**Problem to solve:**
A copy of the listing below is needed, exact in every line and without images.
Segment Start: Given data
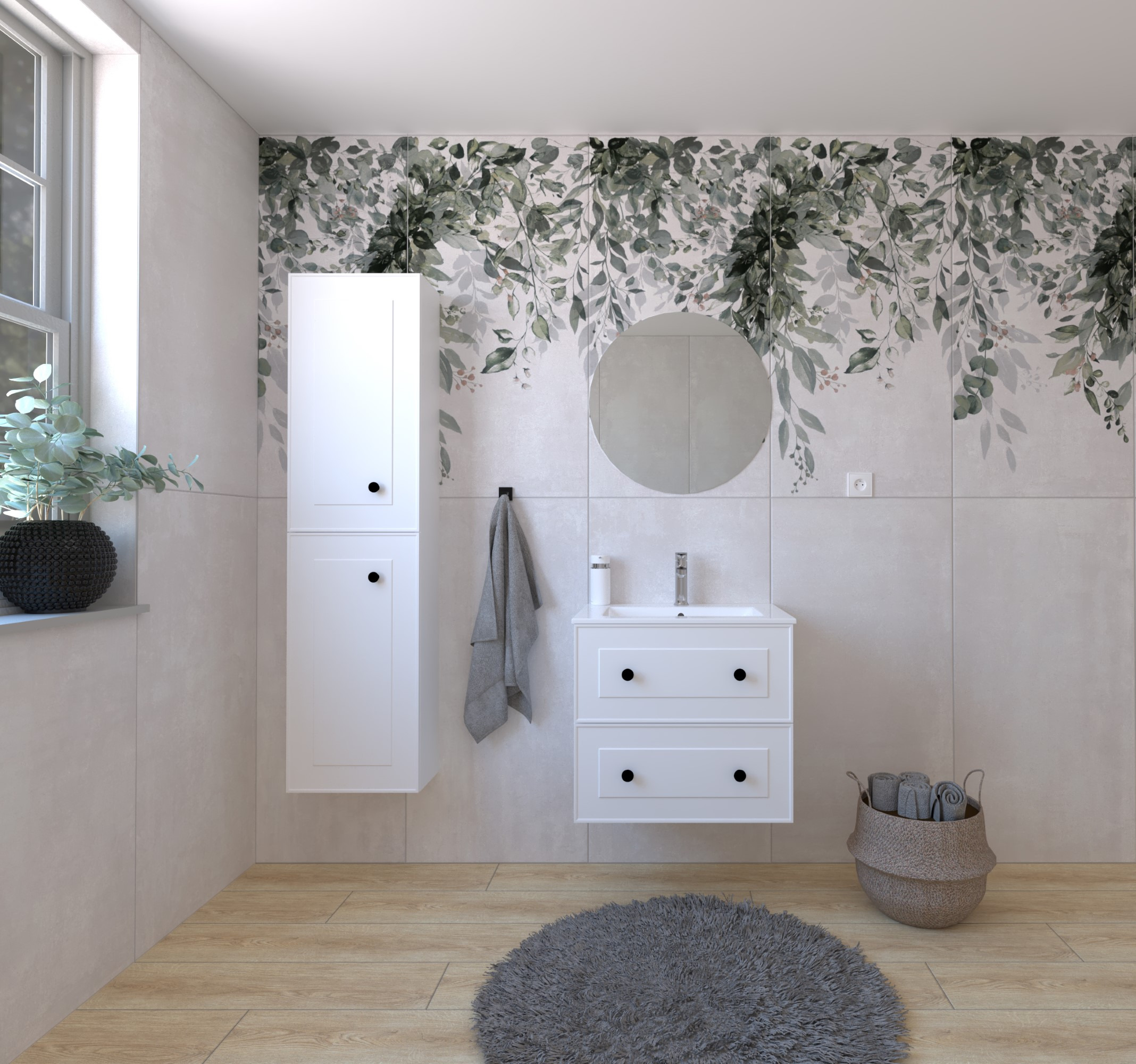 - Miroir rond avec éclairage LED sans interrupteur, diamètre 60 cm. La température de couleur de l'éclairage est de 6 000 K (blanc plus froid). Il est protégé contre les projections d'eau avec une protection IP44.
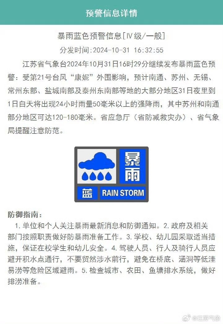 交汇点讯 10月31日16时29分,江苏省气象台继续发布暴雨蓝色预警:受第21号台风“康妮”外围影响,预计南通、苏州、无锡、常州东部、盐城南部及泰州东南部等地的大部分地区31日夜里到1日白天将出现24小时雨量50毫米以上的强降雨,其中苏州和南通部分地区可达120到180毫米。省应急厅、省气象局提醒注意防范。
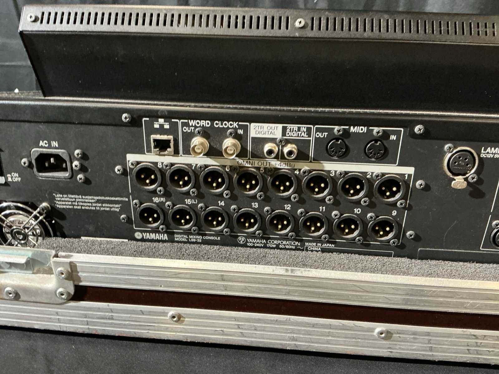 <li> Ingangen: 32 mono mic/line-ingangen + 4 stereo-ingangen </li><li> Uitgangen: 16 mixbussen, 8 matrixbussen, plus stereo- en mono-uitgangen met LCR-modus </li><li> Verwerking: 32-bits interne verwerking met een 58-bits accumulator </li><li>niet getest</li> No Merk: Yamaha Type: LS9-32 Eigen gewicht: 70kg
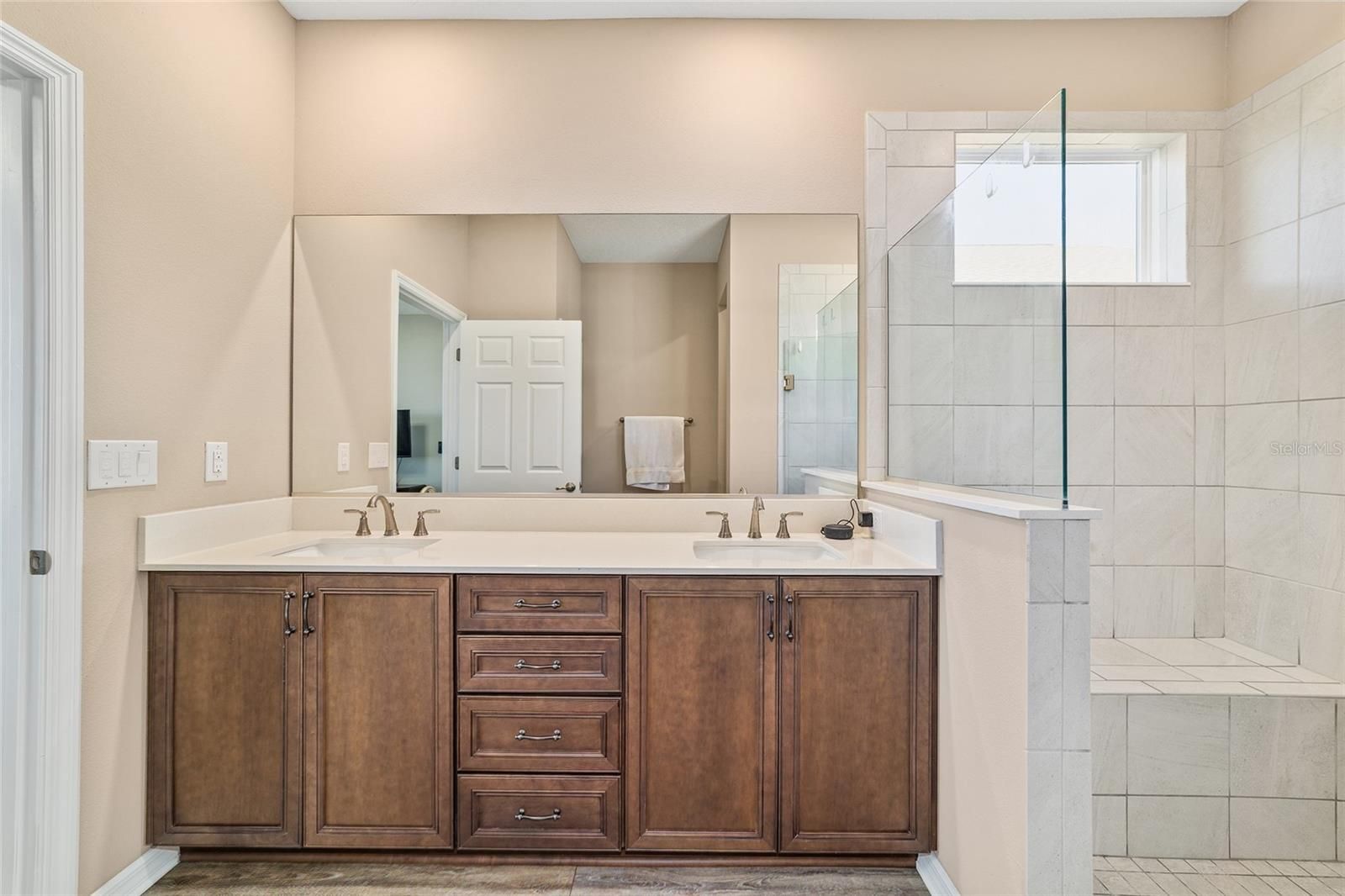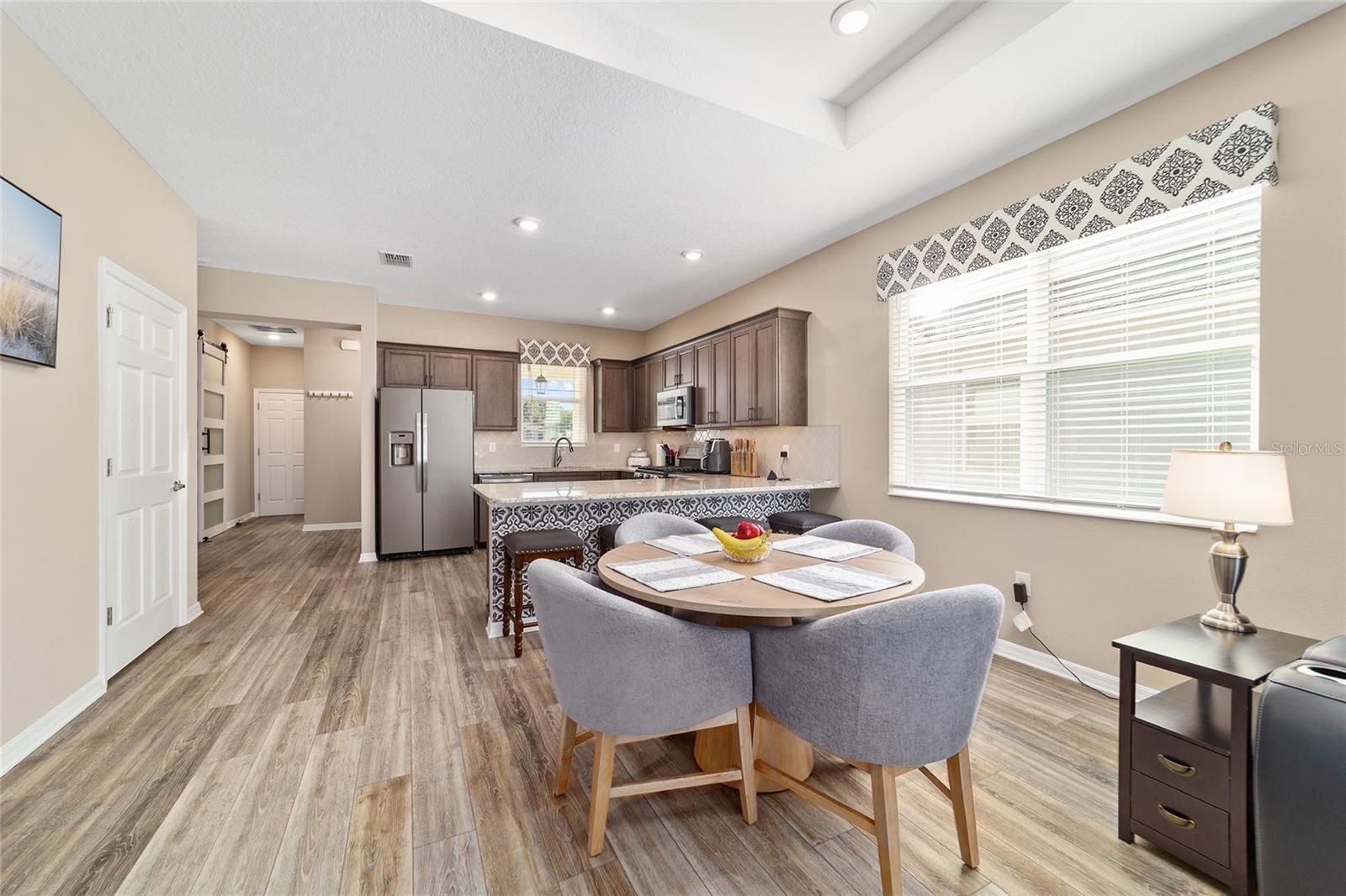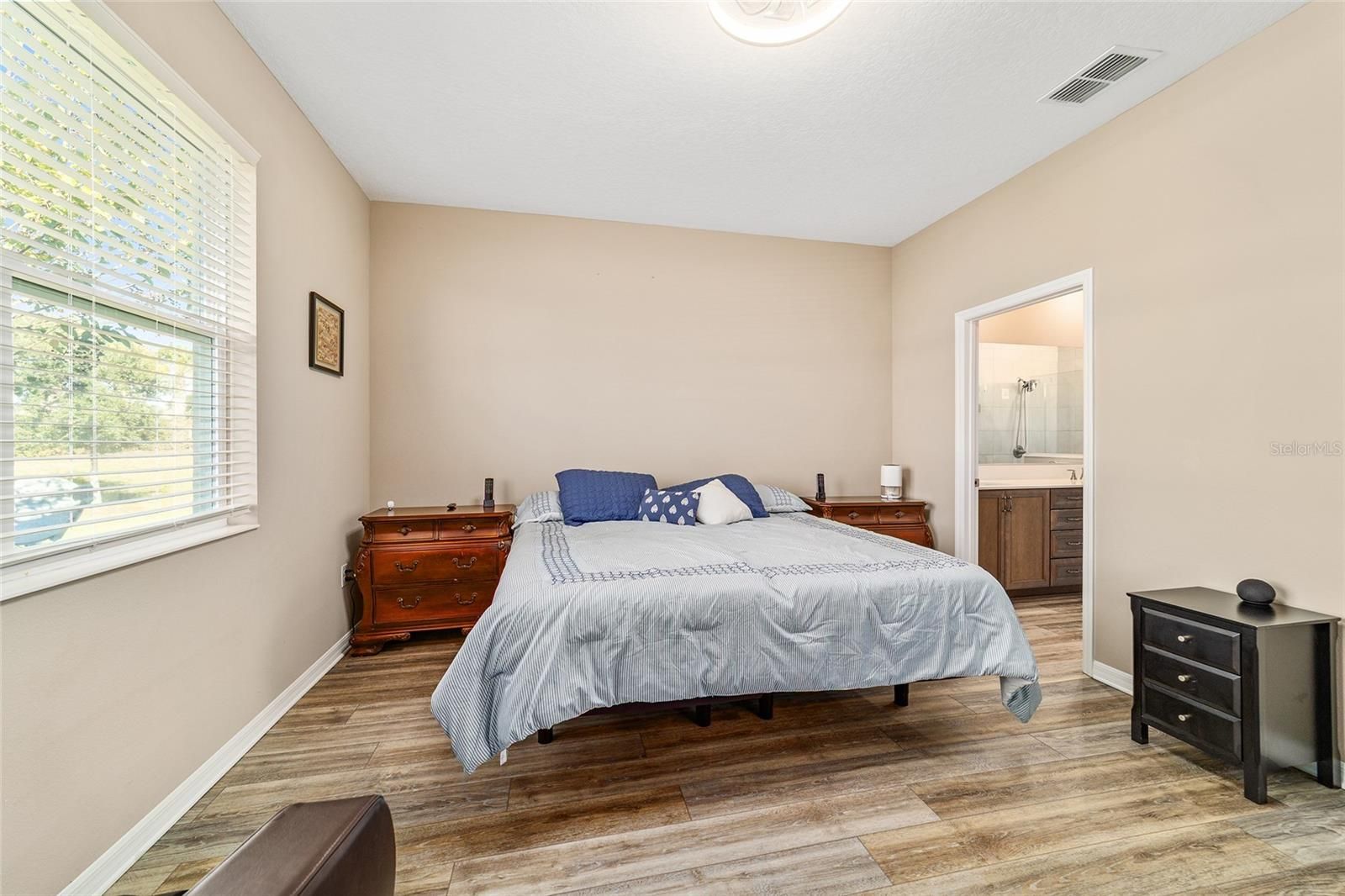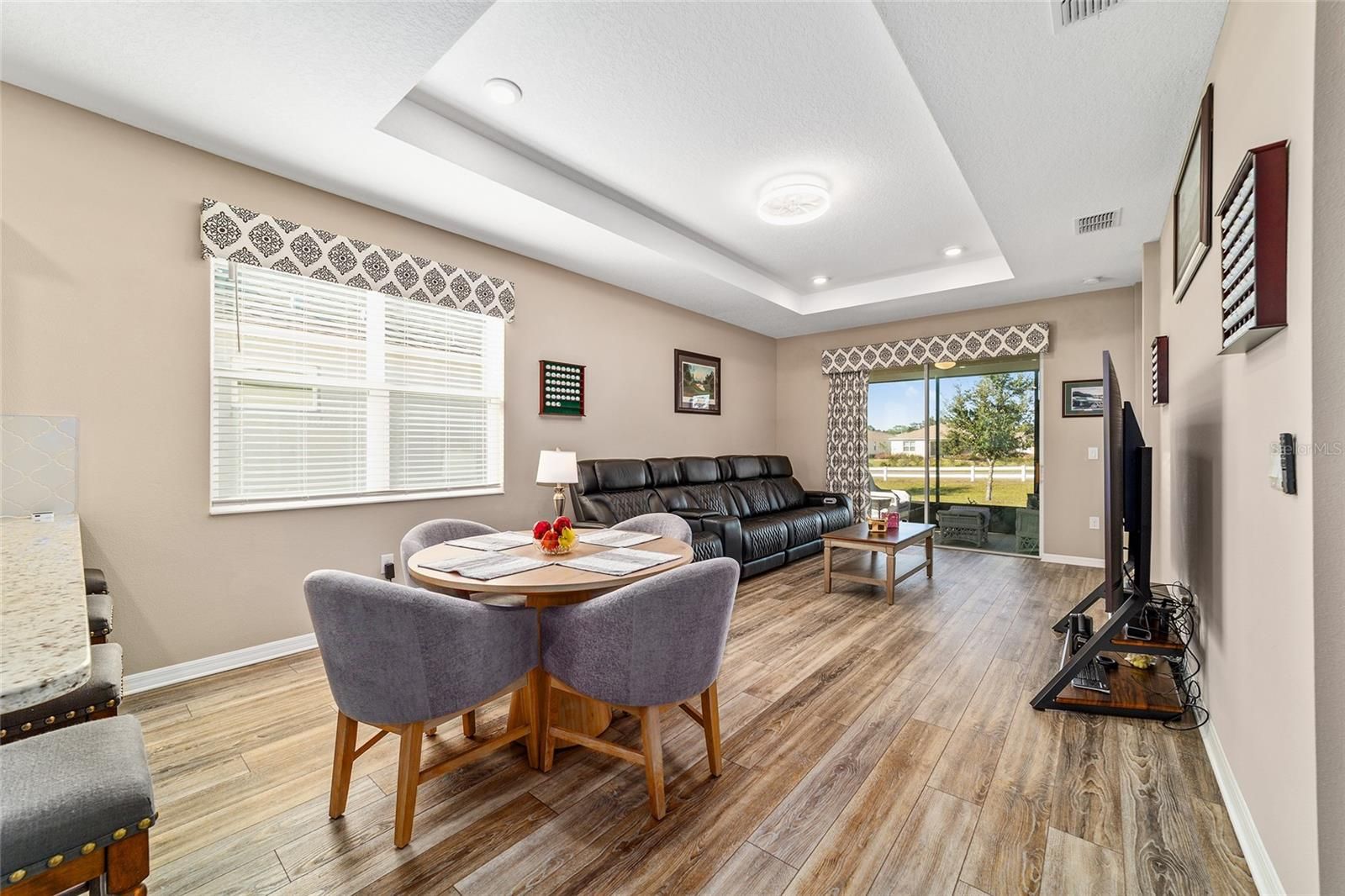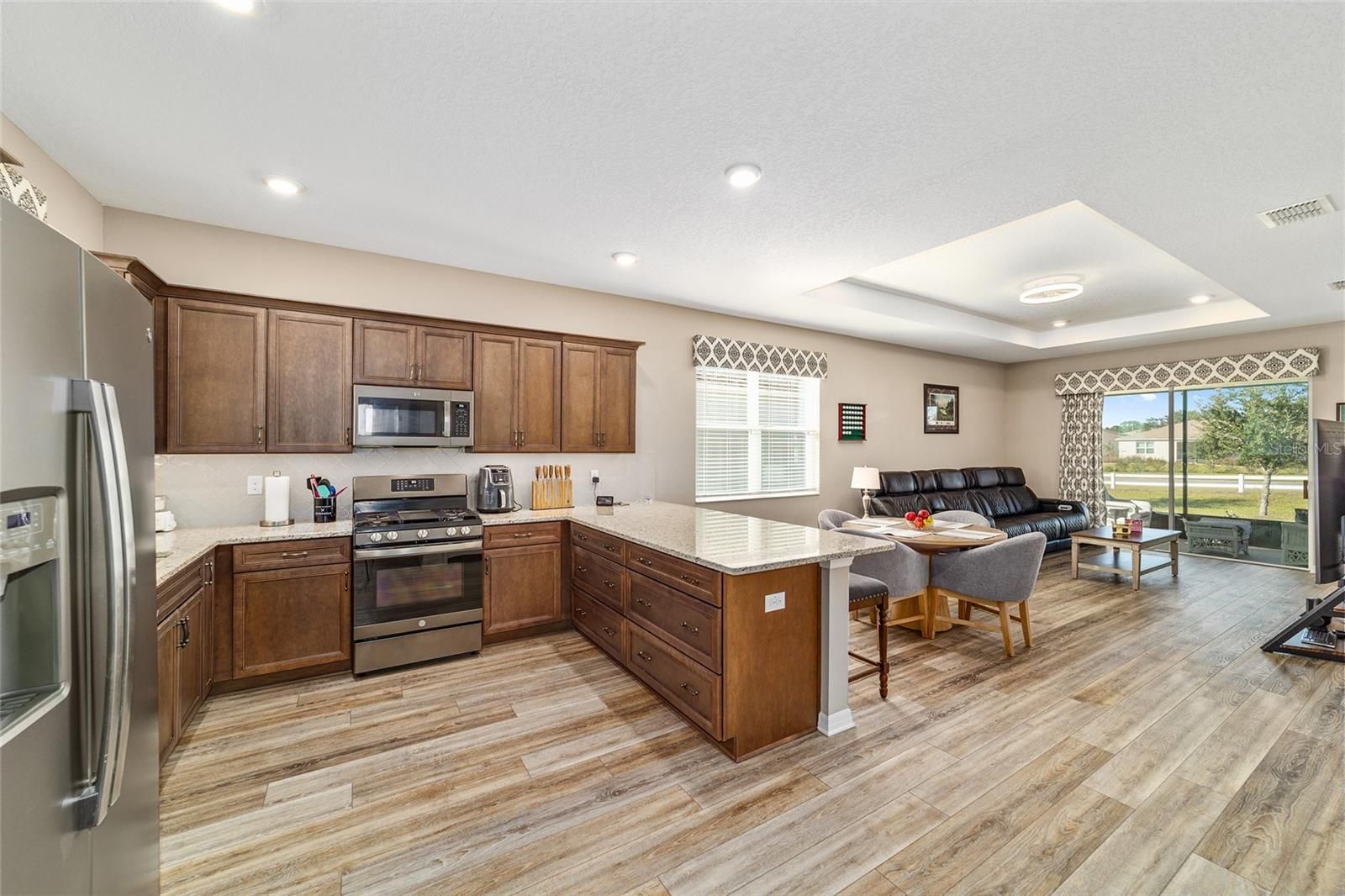 - Ceiling Fan(s), High Ceilings, Kitchen/Family Room Combo, Open Floorplan, Main Level Primary, Smart Home, Solid-Wood Cabinets, Stone Counters, Thermostat, Tray Ceiling(s), Walk-In Closet(s), Window Treatments
Segment End: Given data
**Answer for this exercise:**
 - Miroir rond avec éclairage LED sans interrupteur, diamètre 60 cm. La température de couleur de l'éclairage est de 6 000 K (blanc plus froid). Il est protégé contre les projections d'eau avec une protection IP44.
 交汇点讯 10月31日16时29分,江苏省气象台继续发布暴雨蓝色预警:受第21号台风“康妮”外围影响,预计南通、苏州、无锡、常州东部、盐城南部及泰州东南部等地的大部分地区31日夜里到1日白天将出现24小时雨量50毫米以上的强降雨,其中苏州和南通部分地区可达120到180毫米。省应急厅、省气象局提醒注意防范。
 <li> Ingangen: 32 mono mic/line-ingangen + 4 stereo-ingangen </li><li> Uitgangen: 16 mixbussen, 8 matrixbussen, plus stereo- en mono-uitgangen met LCR-modus </li><li> Verwerking: 32-bits interne verwerking met een 58-bits accumulator </li><li>niet getest</li> No Merk: Yamaha Type: LS9-32 Eigen gewicht: 70kg
 - Ceiling Fan(s), High Ceilings, Kitchen/Family Room Combo, Open Floorplan, Main Level Primary, Smart Home, Solid-Wood Cabinets, Stone Counters, Thermostat, Tray Ceiling(s), Walk-In Closet(s), Window Treatments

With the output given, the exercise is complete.